From: José Carlos Santos on 1 Jun 2010 03:50 On 01-06-2010 7:28, William Elliot wrote: > Does the following form of the pasting lemma hold for all spaces? > > If D is dense, K closed, U open, X = K \/ U, f:X -> Y > and f is continuous over U and over K \/ D, then f is > continuous. Not true. Take K = empty set. Then what you are saying is: if _f_ is a function from X into Y which is continuous over a dense set, then _f_ is continuous. I suppose that you will be able to find counter-examples easily. Best regards, Jose Carlos Santos
From: Ron on 1 Jun 2010 10:10 On Jun 1, 3:50 am, José Carlos Santos <jcsan...(a)fc.up.pt> wrote: > On 01-06-2010 7:28, William Elliot wrote: > > > Does the following form of the pasting lemma hold for all spaces? > > > If D is dense, K closed, U open, X = K \/ U, f:X -> Y > > and f is continuous over U and over K \/ D, then f is > > continuous. > > Not true. Take K = empty set. Then what you are saying is: if _f_ is a > function from X into Y which is continuous over a dense set, then _f_ is > continuous.
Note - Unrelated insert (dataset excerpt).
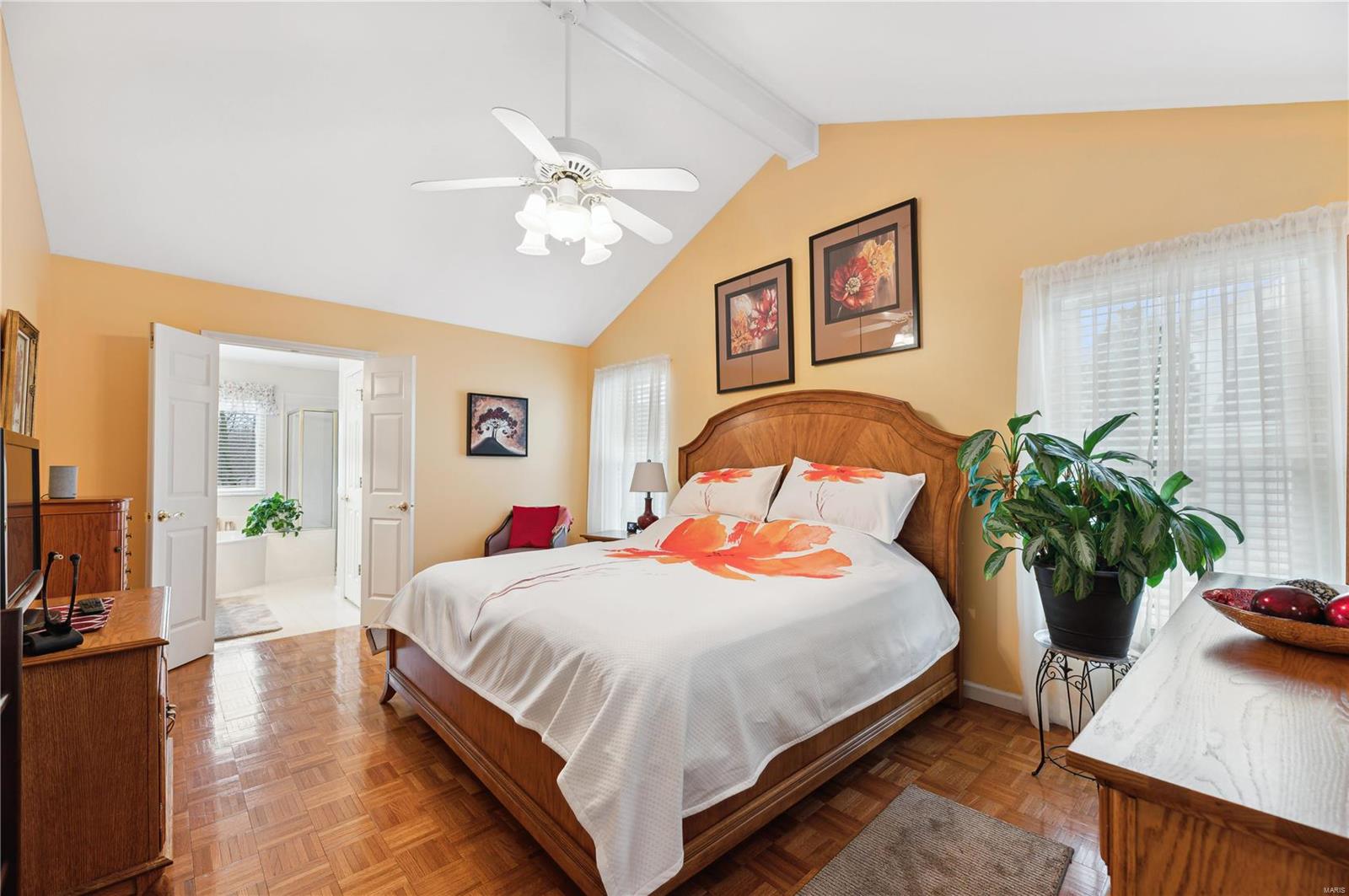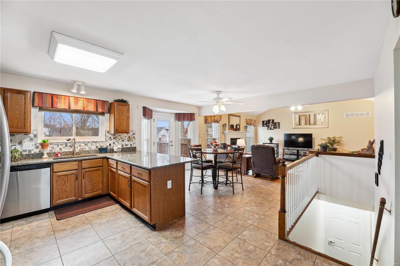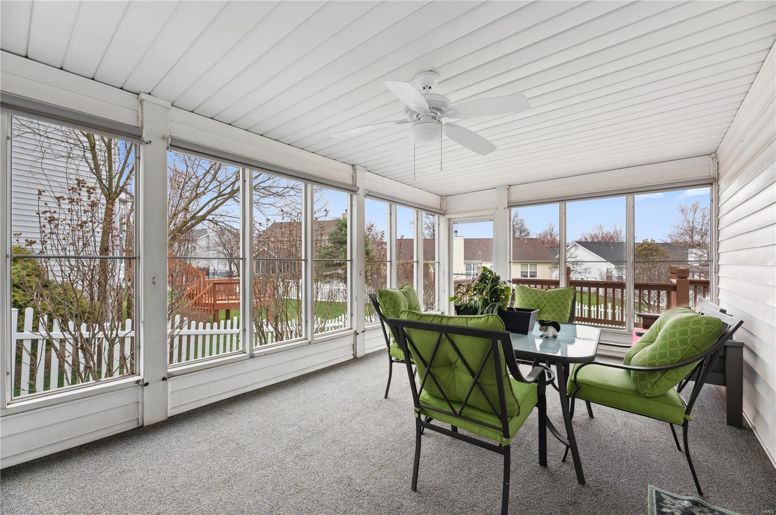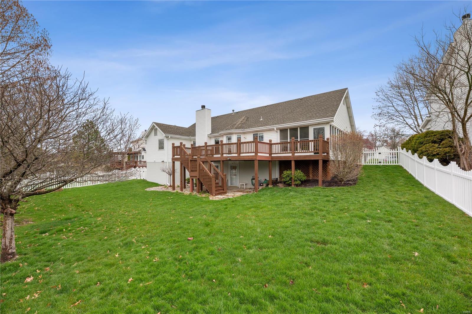 Pride of ownership in beautifully updated Huntleigh Estates ranch! Bright,open floorplan,cath. ceiling greatrm w/gas-starter fplc and wood floor. Kitchen w/granite ccountertops, glass tile backsplash, upd.appliances, cabinets w/pull-out shelves. Breakfastrm walks out to deck. Bay window and wood floor in diningrm. Spacious bedrooms feature gleaming parquet floors, ceiling fans. Mastersuite features cath. ceiling, upd. bath, double sinks, quartz countertop, new faucets, walk-in closet, sep. tub/shower, remote controlled blinds above tub! Hall bath upd. w/walk-in shower. Laundryrm completes main level! Lower level features spacious family/recrm area w/built in cabinets and storage bench, half bath, Pergo floor and walk out to patio. Plenty of storage as well! Enjoy 3 seasons in the scr. porch off kitchen, large deck with steps to beautiful white vinyl fenced backyard! Also includes sprinkler system, newer windows, upd. roof, gutters and gutter helmets, water heater, furnace.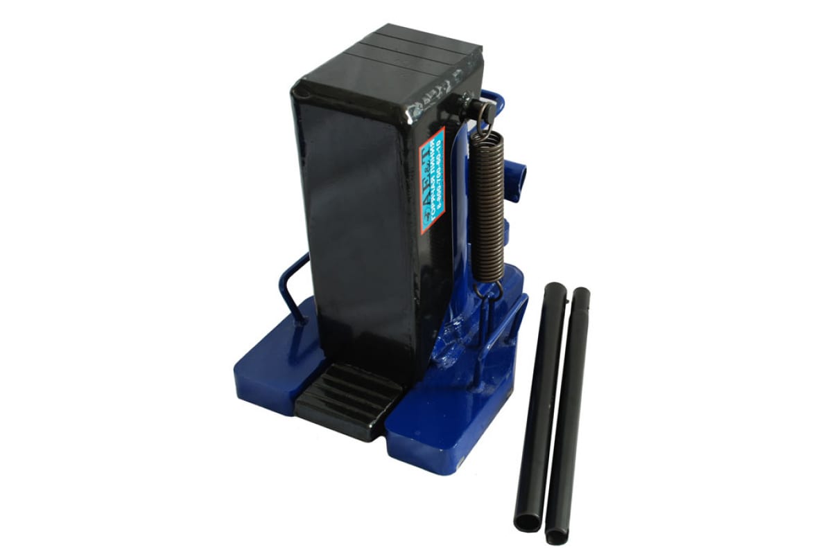 Для удобства работы рукоятка разделена на две части, что существенно упрощает эксплуатацию домкрата. Переноску обеспечивают две стальных рукоятки, приваренных к опоре.

I suppose that you will be able to find counter-examples easily. > Not quite. the OP stated "continuous over U and over K \/ D". If K is the empty set then U=X, so in this case his statement would be "If f is continuous over X and over D, it is continuous" which is trivially true. > Best regards, > > Jose Carlos Santos
From: José Carlos Santos on 1 Jun 2010 12:23 On 01-06-2010 15:10, Ron wrote: >>> Does the following form of the pasting lemma hold for all spaces? >> >>> If D is dense, K closed, U open, X = K \/ U, f:X -> Y >>> and f is continuous over U and over K \/ D, then f is >>> continuous. >> >> Not true. Take K = empty set. Then what you are saying is: if _f_ is a >> function from X into Y which is continuous over a dense set, then _f_ is >> continuous. I suppose that you will be able to find counter-examples easily. >> > > Not quite. the OP stated "continuous over U and over K \/ D". If K is > the empty set then U=X, so in this case his statement would be "If f > is continuous over X and over D, it is continuous" which is trivially > true. Right. My mistake. :-( Best regards, Jose Carlos Santos
From: Marc Olschok on 7 Jun 2010 14:00
William Elliot <marsh(a)rdrop.remove.com> wrote: > Does the following form of the pasting lemma hold for all spaces? > > If D is dense, K closed, U open, X = K \/ U, f:X -> Y > and f is continuous over U and over K \/ D, then f is > continuous. Here is a small counterexample: Consider X = { a , b , c , d } with three nontrivial open sets: { a , b }, { b , d } , { b }. Let K = { c , d } , U = { a , b } and D = { b , d } and define f: X --> X by f(a) = a and f(x) = b for all x =/= a Then the restriction of f to K \/ D is constant, hence continuous and the restriction of f to U is just the inclusion of the open subspace U and therefore also continuous. But the preimage of the closed subset { a , c } under f is { a }, which is not closed. -- Marc |